Strangers, Not Their Computers, Build a Network in Time of Grief

By PETER H. LEWIS

It was all too familiar a New York story. A gunman, after robbing a topless club in Times Square, turned and fired at his pursuers. A stray bullet instantly killed a bystander in a nearby store.

The victim, David Alsberg, was a 42-year-old computer programmer. He left behind a wife, a young son, and hundreds of grieving friends in both of the neighborhoods in which he lived: one in Astoria, Queens, and the other in the electronic community called cyberspace.

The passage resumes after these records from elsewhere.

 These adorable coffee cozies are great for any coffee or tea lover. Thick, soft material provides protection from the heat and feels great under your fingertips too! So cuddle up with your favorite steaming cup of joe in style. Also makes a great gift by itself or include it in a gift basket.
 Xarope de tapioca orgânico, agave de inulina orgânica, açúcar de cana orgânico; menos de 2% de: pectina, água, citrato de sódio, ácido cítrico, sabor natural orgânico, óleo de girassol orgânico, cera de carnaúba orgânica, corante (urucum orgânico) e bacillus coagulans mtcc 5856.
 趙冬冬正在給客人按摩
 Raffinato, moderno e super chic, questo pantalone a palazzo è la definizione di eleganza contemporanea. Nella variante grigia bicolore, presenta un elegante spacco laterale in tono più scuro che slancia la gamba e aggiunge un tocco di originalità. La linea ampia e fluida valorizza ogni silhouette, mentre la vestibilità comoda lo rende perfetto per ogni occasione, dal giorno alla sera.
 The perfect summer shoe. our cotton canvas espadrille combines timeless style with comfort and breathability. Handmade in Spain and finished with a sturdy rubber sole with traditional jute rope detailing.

Although most of them had never met him in the real world, his cyberspace neighbors from around the nation mourned Mr. Alsberg’s death with an on-line wake that lasted weeks, commiserating through their personal computers. Using modems linked to telephone lines, they met in the same electronic forums where, just before his killing a few days after Christmas, Mr. Alsberg had been involved in a passionate debate on handgun control.

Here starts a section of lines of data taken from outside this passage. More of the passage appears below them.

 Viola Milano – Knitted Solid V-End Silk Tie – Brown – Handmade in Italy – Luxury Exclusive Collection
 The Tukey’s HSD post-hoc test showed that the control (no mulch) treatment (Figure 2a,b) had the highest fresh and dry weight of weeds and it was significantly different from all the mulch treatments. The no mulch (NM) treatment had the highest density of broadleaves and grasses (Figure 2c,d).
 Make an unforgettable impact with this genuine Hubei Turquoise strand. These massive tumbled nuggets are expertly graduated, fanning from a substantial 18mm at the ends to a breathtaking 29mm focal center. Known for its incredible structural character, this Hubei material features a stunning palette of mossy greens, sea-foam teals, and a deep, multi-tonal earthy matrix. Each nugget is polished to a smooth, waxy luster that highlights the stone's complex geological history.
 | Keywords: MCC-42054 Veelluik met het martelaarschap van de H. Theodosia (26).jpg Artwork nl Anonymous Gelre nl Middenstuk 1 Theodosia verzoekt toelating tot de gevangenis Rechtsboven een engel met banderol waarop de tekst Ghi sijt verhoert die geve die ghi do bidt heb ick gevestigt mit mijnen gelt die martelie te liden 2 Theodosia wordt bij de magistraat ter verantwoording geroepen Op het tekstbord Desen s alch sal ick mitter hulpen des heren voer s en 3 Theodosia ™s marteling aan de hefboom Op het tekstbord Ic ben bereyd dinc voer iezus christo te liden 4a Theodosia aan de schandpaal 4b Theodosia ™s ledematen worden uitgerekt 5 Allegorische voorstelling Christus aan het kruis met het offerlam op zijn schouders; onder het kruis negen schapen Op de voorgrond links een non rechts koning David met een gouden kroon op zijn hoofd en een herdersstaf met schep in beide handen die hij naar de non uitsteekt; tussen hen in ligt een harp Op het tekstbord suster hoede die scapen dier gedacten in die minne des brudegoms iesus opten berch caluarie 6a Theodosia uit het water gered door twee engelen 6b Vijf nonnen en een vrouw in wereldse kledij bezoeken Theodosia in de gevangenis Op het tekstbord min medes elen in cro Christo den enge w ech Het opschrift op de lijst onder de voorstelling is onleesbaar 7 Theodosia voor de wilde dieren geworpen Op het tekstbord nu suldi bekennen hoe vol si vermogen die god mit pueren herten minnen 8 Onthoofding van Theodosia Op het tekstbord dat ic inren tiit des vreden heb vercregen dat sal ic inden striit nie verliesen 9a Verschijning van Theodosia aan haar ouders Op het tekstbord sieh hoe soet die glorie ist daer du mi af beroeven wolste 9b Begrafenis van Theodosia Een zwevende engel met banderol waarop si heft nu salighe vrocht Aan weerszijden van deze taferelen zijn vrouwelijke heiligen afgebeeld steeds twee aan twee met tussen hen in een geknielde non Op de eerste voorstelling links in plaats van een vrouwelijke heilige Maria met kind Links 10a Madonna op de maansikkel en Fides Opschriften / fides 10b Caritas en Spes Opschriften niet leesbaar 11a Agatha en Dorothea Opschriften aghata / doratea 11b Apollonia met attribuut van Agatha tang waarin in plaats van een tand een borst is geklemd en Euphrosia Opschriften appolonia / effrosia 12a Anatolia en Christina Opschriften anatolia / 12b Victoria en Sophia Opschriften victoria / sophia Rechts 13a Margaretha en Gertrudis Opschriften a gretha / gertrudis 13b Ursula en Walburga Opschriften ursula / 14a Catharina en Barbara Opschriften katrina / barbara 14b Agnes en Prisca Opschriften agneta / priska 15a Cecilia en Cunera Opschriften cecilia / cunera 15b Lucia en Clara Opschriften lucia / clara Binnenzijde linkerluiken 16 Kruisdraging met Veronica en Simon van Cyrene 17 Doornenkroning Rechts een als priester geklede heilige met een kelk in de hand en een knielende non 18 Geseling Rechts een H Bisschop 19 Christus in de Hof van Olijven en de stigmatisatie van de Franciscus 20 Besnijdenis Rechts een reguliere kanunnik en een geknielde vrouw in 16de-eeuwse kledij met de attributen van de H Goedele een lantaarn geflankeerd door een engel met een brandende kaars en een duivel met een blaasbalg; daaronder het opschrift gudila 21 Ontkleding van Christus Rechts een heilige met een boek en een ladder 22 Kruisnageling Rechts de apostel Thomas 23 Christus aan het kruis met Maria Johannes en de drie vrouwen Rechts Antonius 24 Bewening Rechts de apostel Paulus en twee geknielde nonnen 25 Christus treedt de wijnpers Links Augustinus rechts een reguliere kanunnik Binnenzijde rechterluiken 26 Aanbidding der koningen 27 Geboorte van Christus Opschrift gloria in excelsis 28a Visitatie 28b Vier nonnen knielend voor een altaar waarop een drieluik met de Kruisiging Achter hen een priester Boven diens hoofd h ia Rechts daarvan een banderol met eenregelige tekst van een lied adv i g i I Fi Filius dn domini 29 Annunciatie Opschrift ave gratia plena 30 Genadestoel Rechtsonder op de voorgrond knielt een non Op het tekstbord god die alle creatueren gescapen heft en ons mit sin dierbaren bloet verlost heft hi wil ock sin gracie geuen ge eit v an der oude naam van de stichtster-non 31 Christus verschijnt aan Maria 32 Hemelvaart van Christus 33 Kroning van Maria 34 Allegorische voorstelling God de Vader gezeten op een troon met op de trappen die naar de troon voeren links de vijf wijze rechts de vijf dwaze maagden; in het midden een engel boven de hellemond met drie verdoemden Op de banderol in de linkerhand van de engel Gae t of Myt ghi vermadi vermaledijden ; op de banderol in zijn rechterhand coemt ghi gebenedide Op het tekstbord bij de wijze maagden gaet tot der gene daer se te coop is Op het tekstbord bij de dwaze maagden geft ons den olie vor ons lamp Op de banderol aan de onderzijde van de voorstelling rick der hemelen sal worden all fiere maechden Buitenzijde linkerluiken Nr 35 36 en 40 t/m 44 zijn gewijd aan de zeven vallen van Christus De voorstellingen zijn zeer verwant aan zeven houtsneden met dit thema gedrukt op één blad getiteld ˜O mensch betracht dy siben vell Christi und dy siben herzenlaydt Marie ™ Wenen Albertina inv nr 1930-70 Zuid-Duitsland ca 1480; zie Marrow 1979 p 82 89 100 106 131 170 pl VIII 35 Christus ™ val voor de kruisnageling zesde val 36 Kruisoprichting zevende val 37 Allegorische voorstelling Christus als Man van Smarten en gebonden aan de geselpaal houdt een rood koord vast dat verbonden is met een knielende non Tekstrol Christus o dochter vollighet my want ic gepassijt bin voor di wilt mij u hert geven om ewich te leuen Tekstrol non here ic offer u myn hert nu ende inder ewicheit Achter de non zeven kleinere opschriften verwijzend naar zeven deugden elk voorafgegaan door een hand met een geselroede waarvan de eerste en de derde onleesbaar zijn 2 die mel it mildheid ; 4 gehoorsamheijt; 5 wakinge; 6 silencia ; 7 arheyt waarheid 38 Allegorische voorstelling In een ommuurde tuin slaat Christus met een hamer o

Much more than a mere crime statistic, Mr. Alsberg has come to symbolize the new social dynamic of computer networking.

In a world where physical contact is impossible, Mr. Alsberg’s cyberspace neighbors consoled each other over the senseless loss of a mutual friend. And in their collective grieving, they demonstrated an impulse for togetherness that is as modern as the digital age and as old as humankind. For as more people become citizens of cyberspace, they are forging relationships that many describe as being as rewarding as their face-to-face friendships.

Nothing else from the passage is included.